_Problem statement_
After locating the line with "首次打开Hydrogen应用" in the data that follows, return it and every later line exactly, up to and including the line with "Vestido largo elegante".

_Data shown_
· · · · · · ·

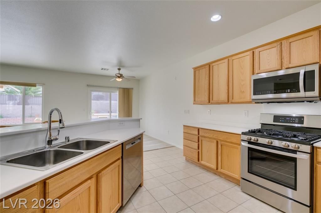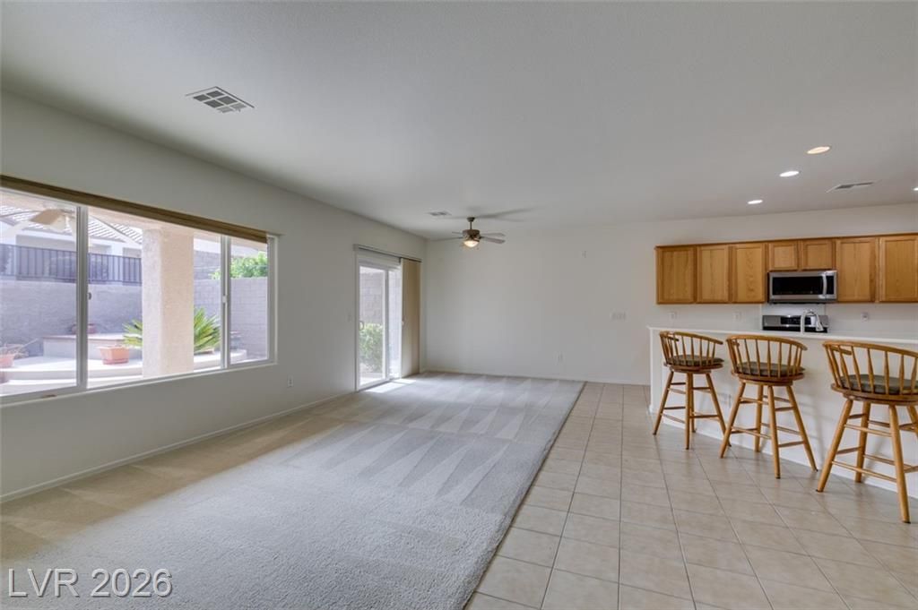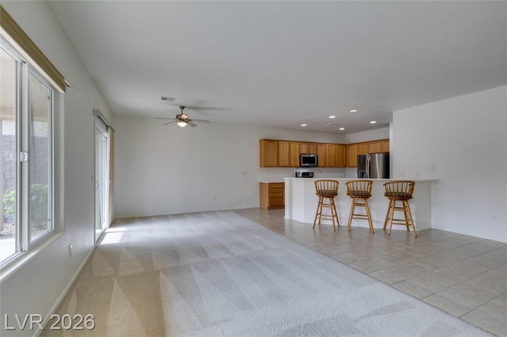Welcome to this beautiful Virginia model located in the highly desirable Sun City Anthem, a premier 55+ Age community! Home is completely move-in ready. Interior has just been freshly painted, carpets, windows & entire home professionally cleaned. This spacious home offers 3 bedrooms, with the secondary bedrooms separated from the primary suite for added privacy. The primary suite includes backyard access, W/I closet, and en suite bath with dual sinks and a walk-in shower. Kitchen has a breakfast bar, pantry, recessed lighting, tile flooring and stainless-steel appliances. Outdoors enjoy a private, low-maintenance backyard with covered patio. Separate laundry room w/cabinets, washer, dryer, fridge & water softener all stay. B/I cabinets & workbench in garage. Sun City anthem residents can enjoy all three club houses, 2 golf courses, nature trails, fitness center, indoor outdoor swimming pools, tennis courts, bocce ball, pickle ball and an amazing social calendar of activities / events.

· · · · · · ·

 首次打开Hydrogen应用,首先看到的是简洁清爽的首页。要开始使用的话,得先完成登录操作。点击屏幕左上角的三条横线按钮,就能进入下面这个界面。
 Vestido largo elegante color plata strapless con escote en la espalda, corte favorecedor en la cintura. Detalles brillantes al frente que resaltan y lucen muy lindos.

· · · · · · ·

_Written reply_
 首次打开Hydrogen应用,首先看到的是简洁清爽的首页。要开始使用的话,得先完成登录操作。点击屏幕左上角的三条横线按钮,就能进入下面这个界面。
 Vestido largo elegante color plata strapless con escote en la espalda, corte favorecedor en la cintura. Detalles brillantes al frente que resaltan y lucen muy lindos.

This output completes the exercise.